Willow had never wanted to know anything about Jenna Randall’s baby. The woman had yet to give birth when Willow had directed her lawyer to settle a portion of Andy’s life insurance money on the child after he was born. Then, she’d washed her hands of the entire situation. Or so she’d believed.

Sudden anger whipped through her. “Maggie, I understand why you have a tie to that boy, but it’s different for me and my family. If you and Jenna Randall are looking to establish some sort of sibling relationship between my children and AJ, this is not the time. Maybe when my kids are older and—”

Maggie interrupted. “She’s dead, Willow. Jenna Randall passed away suddenly a few weeks ago. Tom and I brought AJ to live with us.”

Whoa. Willow stopped short. Her thoughts were a whirlwind. That poor little boy has lost both his parents.

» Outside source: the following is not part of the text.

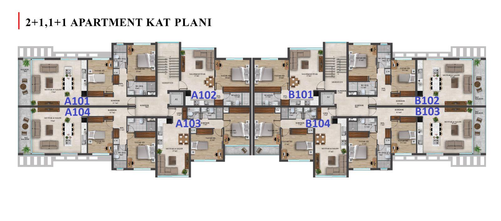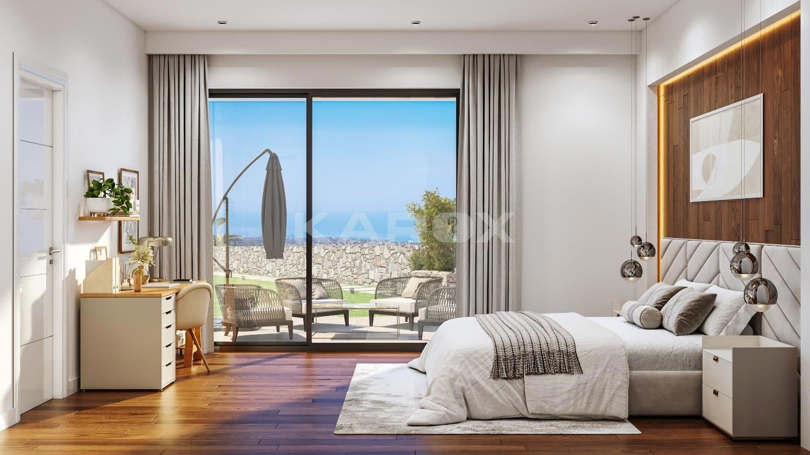 This 2+1 villa offers a comfortable and modern layout designed for relaxed Mediterranean living. The property typically includes two bedrooms, a spacious open-plan living and dining area, and large windows that allow natural light to fill the interior while showcasing the surrounding landscape. Private terraces and garden areas provide the perfect setting for outdoor dining, relaxation, and enjoying the island’s warm climate.
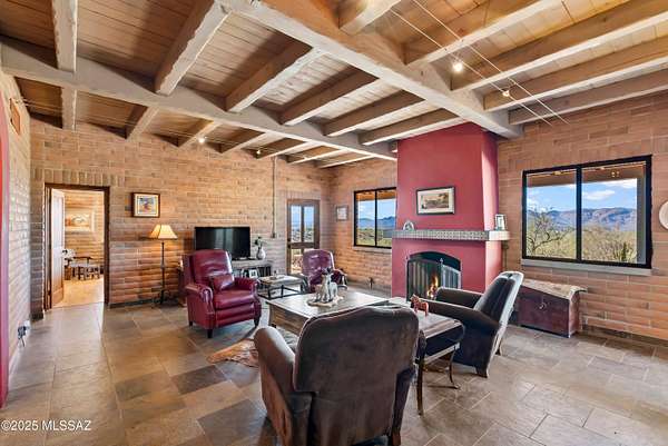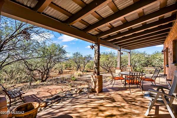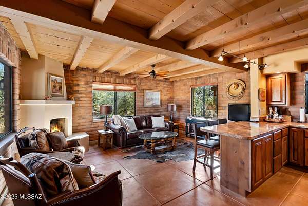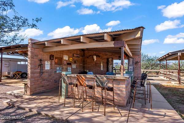 This equestrian property has everything you need to live comfortably! A stunning home w/ 2 master suites, Great room with exposed wood & beam ceilings, a beautiful wood burning fireplace flanked by windows and 2 entry doors on each side. The kitchen has a island w/ Spanish styled tiles, a wonderful butlers pantry w/ the main sink, dishwasher, refrigerator and plenty of cupboards. Gorgeous Stone flooring and wood flooring in the bedrooms. 2 covered porches w/ 360* mountain views! The equally stunning Casita has a beehive Fireplace, Granite countertops, exposed wood ceilings, bedroom w/ access to the rear covered patio, tiled walk-in shower & laundry closet. A ''cowboy'' bar under roof, outside of the tack room, has covered parking for 2 or 3 more vehicles or trailers. detached 2 c

Maggie continued, “I’ve hired a nanny, and she’s staying around the clock while we are here in Colorado. AJ is still adjusting to his new home and needs the stability of being in his own bed each night right now. Otherwise, we’d have brought him so you could meet him.”

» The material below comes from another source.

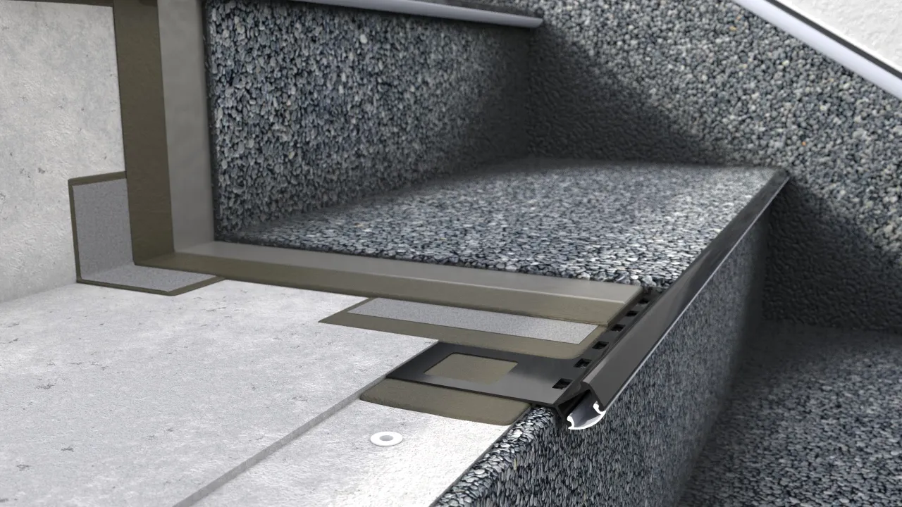 systemowe profile wykańczające krawędzie stopnic i policzków w technologii okładziny żywicznej kamienny dywan
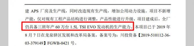 我们此前曾曝光过一汽-大众投产1.5TSI evo发动机的消息。相关文件显示,一汽-大众成都工厂的1.5TSI evo发动机技术改造项目已经在2019年8月向属地发改局备案,项目建成后,1.5TSI evo发动机的产能可达60万台/年。后续,该发动机将会代替大众使用多年的EA211 1.4TSI发动机,应用到一汽-大众旗下大众品牌新车和捷达品牌车型上。

“Oh, no, Maggie.” Willow held up her hand, palm out. “Hold on just one minute. I need to process all of this. I’m not sure that my kids—”

The older woman interrupted again to deliver the second part of her one-two punch. “Remember that colonial down the street from us that you admired so much over the years? Well, we found out that the owners were about to put it up for sale, so we snapped it up for you. Our gift to you and the children. It’s time you brought them home to be raised as Eldridges, Willow, which is befitting of their heritage.”

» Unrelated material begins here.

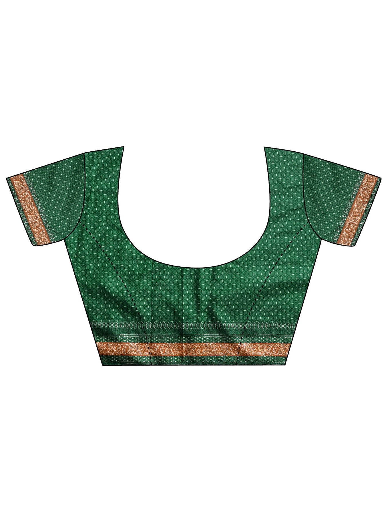 Green Printed Silk Blend Saree With Unstitched Blouse Piece

Willow gaped at her mother-in-law. “Maggie, you bought a house for us? In Texas? Without asking me?”

“You love that house,” she defended. “We won’t force it on you if you don’t want it, but it wouldn’t have lasted a day in this market. We had to jump or miss our chance.”

A combination of anger and despair whipped through Willow. This was too much. Way too much, coming at her too fast. “I can’t do this now, Maggie. I am up to my eyeballs in wedding prep, and I do not have the mental bandwidth to add anything else to the mix. This discussion will have to keep until after Jake and Tess’s wedding.”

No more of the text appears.